ProgressOhio reported:

Columbus – Yesterday, the Associated Press reported that the Ohio Department of Education is reviewing allegations that the Electronic Classroom of Tomorrow (ECOT) deliberately inflated attendance records in order to get more money from the state. Though a whistleblower initially contacted the Department in August 2017, officials did not interview him until December.

“Manipulating attendance records is the cherry on top of ECOT’s cake of fraud that it keeps trying to serve Ohio taxpayers,” said ProgressOhio’s Monica Moran. “While taxpayers are happy to see that these claims are being looked at, it seems that once again the state is slow-walking the investigation. Ohio regulators cannot put their heads in the sand like they did for years while ECOT was still operating.”

From the report:

“A former technology employee of the now-shuttered Electronic Classroom of Tomorrow said he told the Ohio Department of Education last year that school officials ordered staff to manipulate student data with software obtained following the state’s demand that it return $60 million in overpayments for the 2015-2016 school year…
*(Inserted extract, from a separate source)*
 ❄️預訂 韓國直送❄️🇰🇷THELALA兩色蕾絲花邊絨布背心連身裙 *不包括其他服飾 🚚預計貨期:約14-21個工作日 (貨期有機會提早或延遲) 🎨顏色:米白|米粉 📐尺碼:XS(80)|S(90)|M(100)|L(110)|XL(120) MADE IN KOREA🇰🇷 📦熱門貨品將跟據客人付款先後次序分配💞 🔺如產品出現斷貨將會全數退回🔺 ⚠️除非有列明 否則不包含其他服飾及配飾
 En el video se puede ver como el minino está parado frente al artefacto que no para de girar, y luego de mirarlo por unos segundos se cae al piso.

The whistleblower told the AP that the first run on the new software returned results showing students with just more than half the hours needed to justify ECOT’s full reported enrollment — and, with that, its full state payment. He shared his assessment with the Education Department’s top lawyer, Diane Lease, in an Aug. 3 email.”

Another perspective, taken from a personal email to me from a parent in Ohio, including the whistleblower’s letter:

http://www.wlns.com/ap-top-news/whistleblower-school-used-software-to-get-more-state-money/1135319359

In an Aug. 3, 2017, email, a whistle-blower who calls himself ECOT Voice sent explosive information to ODE Legal Counsel Diane Lease. He said ECOT implemented a new system to intentionally inflate its attendance and warned ODE to get back-up documentation of the attendance padding. Instead, ODE took ECOT’s word for the higher enrollment.
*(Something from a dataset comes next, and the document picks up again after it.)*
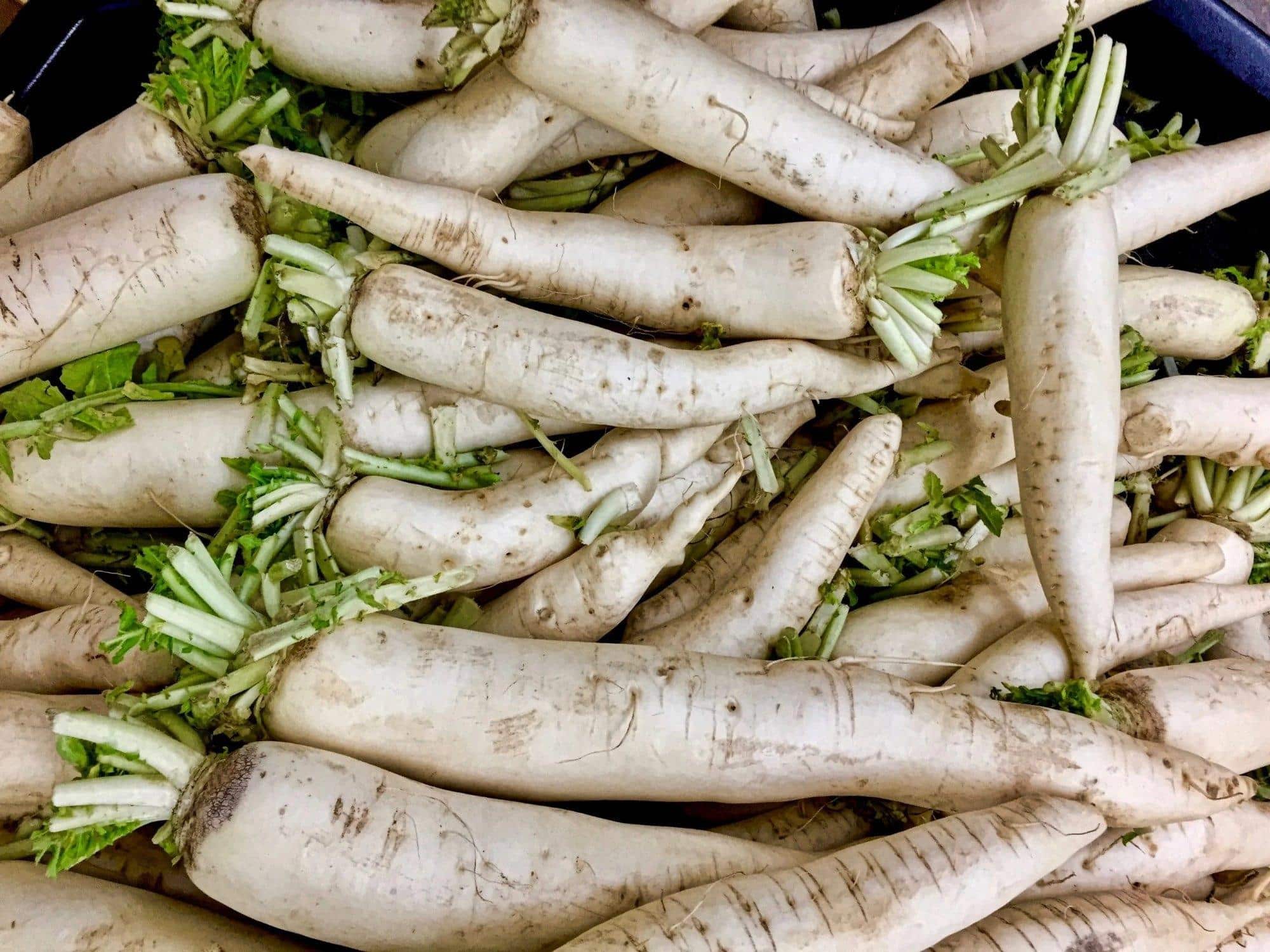 In Japan, white radish is the most consumed vegetable. Some varieties can grow over 2 feet long and weigh several pounds

ECOT Voice urged the state to “demand clear documentation of the role of the ActivTrak software, how the data aggregation process distinguishes academic work from other use of the student computers, how much idle-time is allowed between verified student interactions, and how that data is used in relation to the other verified academic sources (the iQity Learning Management System, the Blackboard Collaborate online sessions, and other imported sources).

I have met with, and spoken to, ECOT Voice multiple times and verified his employment with ECOT. He said ECOT purchased new software from ActivTrak that allows the school count as classroom time anytime a window is opened on a student’s laptop. The whistleblower estimated that the new software allows ECOT to improperly collect an additional $10-20 million per school year.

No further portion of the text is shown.